Ms. Taylor is working with a couple in that segment who missed out on a large unit near Bayview and Sheppard avenues.

That property, listed just above $800,000, drew two offers and sold for the full asking price, she says.

Meanwhile, Ms. Taylor was keeping an eye on a three-bedroom house in Leslieville that had been sitting on the market after being listed with an asking price of $1.567-million. Ms. Taylor took the clients who missed out on Queen Street to see the property after the price had been cut twice and stood at $1.199-million.

The house ended up selling for $1.1-million.

“I think the agent had it priced incorrectly from the start,” she says.

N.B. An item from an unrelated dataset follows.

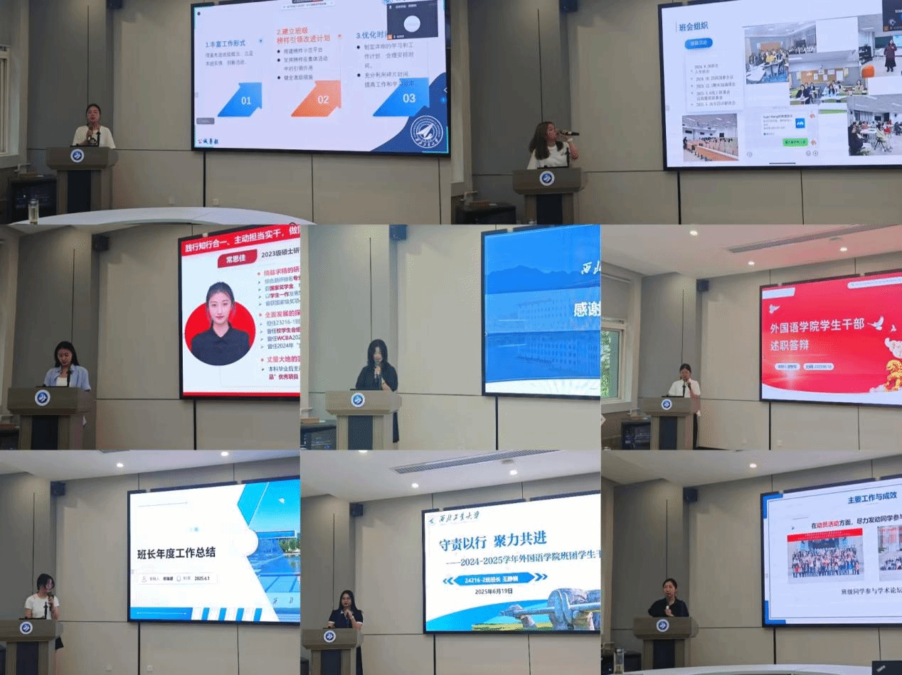 答辩现场,学生干部以PPT展示与口头汇报相结合的方式,全面回顾本学年工作,并从班级学风建设、团日活动创新、心理健康关怀、个人成长等方面用详实的案例和数据,展现了“服务同学、助力班级”的管理成效。汇报中,学生干部们既亮出“成绩单”,也直面问题,在自我剖析中展现责任意识。通过总结、反思、规划,不仅梳理了个人工作,也为各年级提供了交流平台。

Ksenia Bushmeneva, economist with Toronto-Dominion Bank, says the real estate market across the country has continued to cool and the Bank of Canada’s supersized 1-per-cent rate hike in July will weigh it down even more. She expects the central bank to continue to take rates higher through the rest of this year – though perhaps at not such a break-neck pace.

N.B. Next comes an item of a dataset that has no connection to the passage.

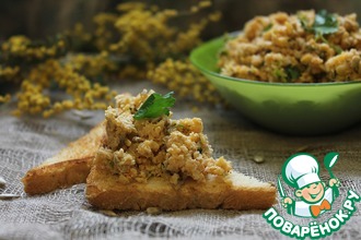 Пока выпекается наш омлет, делаем сырную массу из натёртых на мелкой тёрке плавленых сырков, чеснока и майонеза.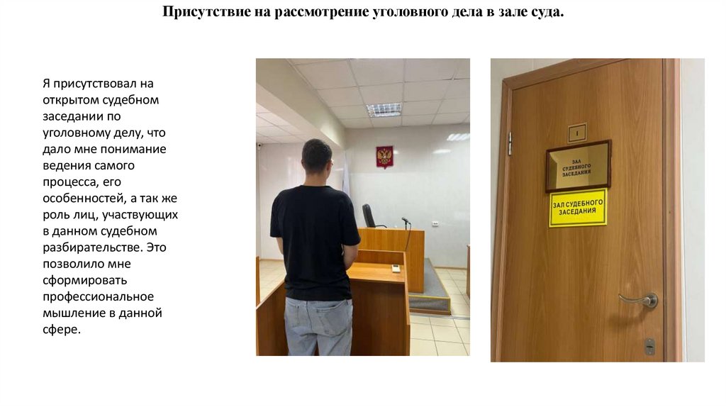 Присутствие на рассмотрение уголовного дела в зале суда.Я присутствовал на

As a result, she expects further declines in home sales and prices.

In this environment, Christian Vermast and Paul Maranger of Sotheby’s International Realty Canada say sellers should aim to have a property that stands in the top 10 per cent of its category in order to attract the eyes of buyers.

In other words, the home or condo must be priced to today’s market conditions and also have attributes like a good location, high-quality finishes and polished presentation.

“It’s the mediocrity that’s going to languish,” Mr. Maranger says.

In February, the market in the Greater Toronto Area had less than one month of inventory (a measure of how long it would take to sell all active listings at the current pace of sales). At the end of July that figure stood at 2.5 months.

“It’s the abrupt nature that shocked people,” Mr. Maranger says of the sudden slowdown.

Mr. Maranger points out that sales in the GTA have been extremely slow in July in all price segments – falling roughly 50 per cent from the same month last year – and he expects August to remain sluggish.

“Buyers are not putting an opportunistic buying cap on yet,” Mr. Vermast says.

Still, 23 properties did trade hands above the $3-million mark and, on average, they sold for 96 per cent of the asking price.

“There’s certainly no panic yet,” he says of sellers.

The agents are advising clients to sell an existing property before buying a new one.

“You really have to sell first unless you have the financial wherewithal and stomach to hold two properties,” Mr. Vermast says.

The two agents are receiving lots of calls for evaluations and they anticipate a busy fall with listings. Some sellers will move because of a new job or circumstances, they say, and others will need to list because of financial stress.

The agents say the sellers facing hardship will be more motivated to sell and will therefore set realistic prices.

“Those are the properties that are going to go first because they’re going to be priced very sharply,” he says. “The over-priced and mediocre will sit and sit and sit and they will artificially inflate inventory.”

Mr. Maranger says the conversation now with homeowners revolves around “how motivated are you? How patient are you? How much time do you have?”

Meanwhile, the rental market is absurdly strong, they say, and many sellers may decide to take on tenants instead.

The agents recall the downturn of 2008 when homeowners would list their house with a sign that says ‘for sale or for lease.’

“We’re going to start to see that again.”